# Instructions for the task:
Starting at the line that holds "Er is tevens", restate every line word for word up to and including the last one in the listing below, and omit all pictures.

# Given data:
::::::
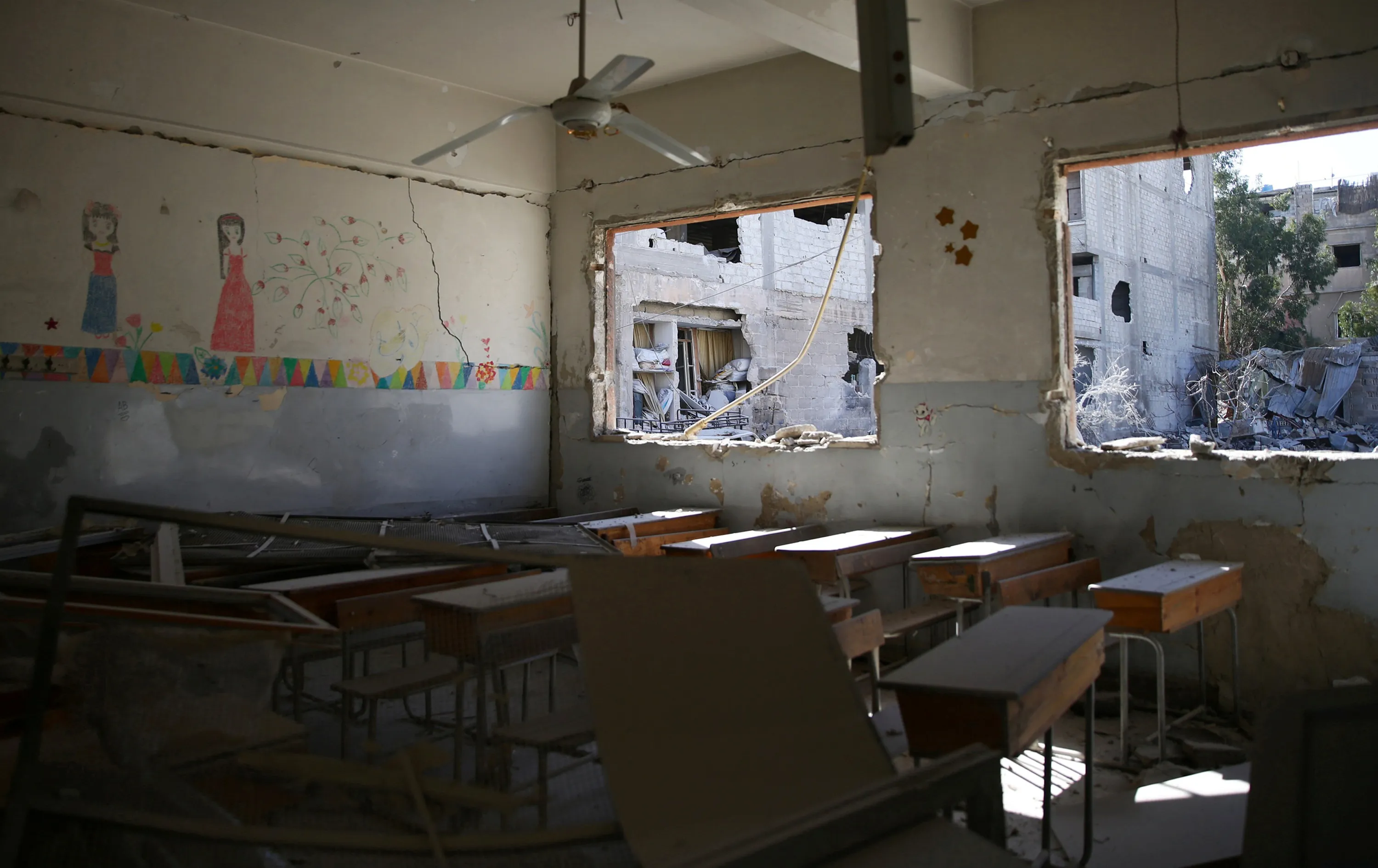 A damaged classroom is pictured after airstrikes in the rebel held besieged Douma neighbourhood of Damascus, Syria February 25, 2017. (Photo by Bassam Khabieh/Reuters)
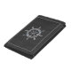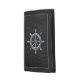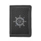 A nautical wheel design on a black carbon fiber style background decor. A racy modern nautical gift.
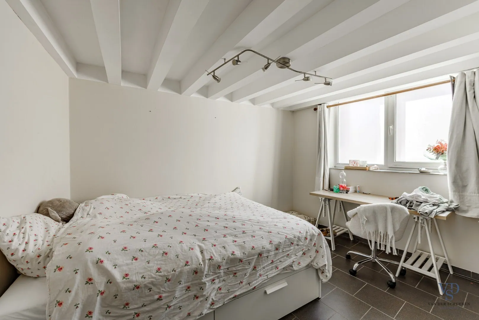 Er is tevens een (afzonderlijk verhuurde) studeerkamer aanwezig, alsook een buitenkoertje.
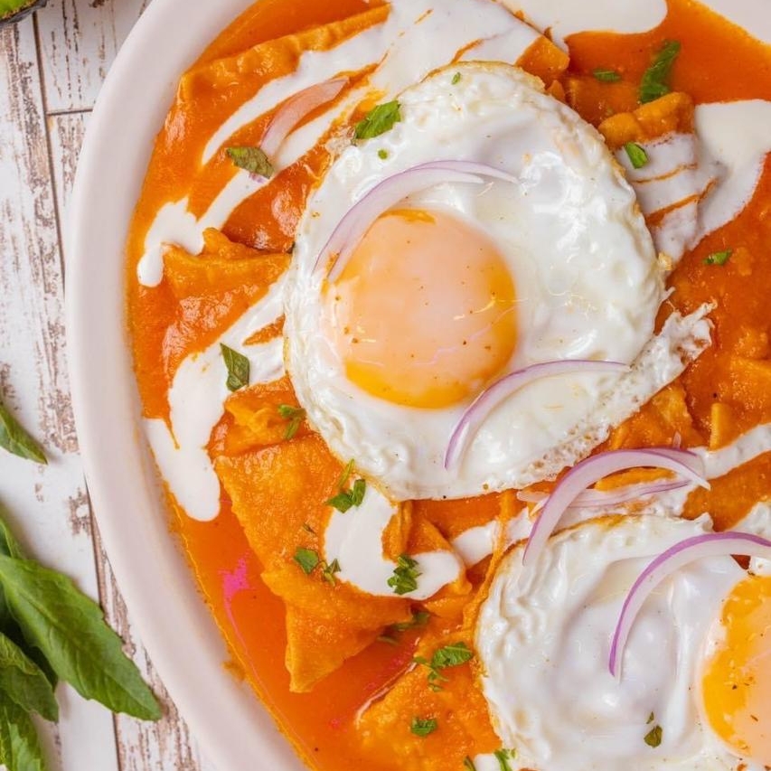 Chilaquiles rojos o verdes con 2 huevos, crema, queso y cebolla.
::::::
# Answer to this task:
 Er is tevens een (afzonderlijk verhuurde) studeerkamer aanwezig, alsook een buitenkoertje.
 Chilaquiles rojos o verdes con 2 huevos, crema, queso y cebolla.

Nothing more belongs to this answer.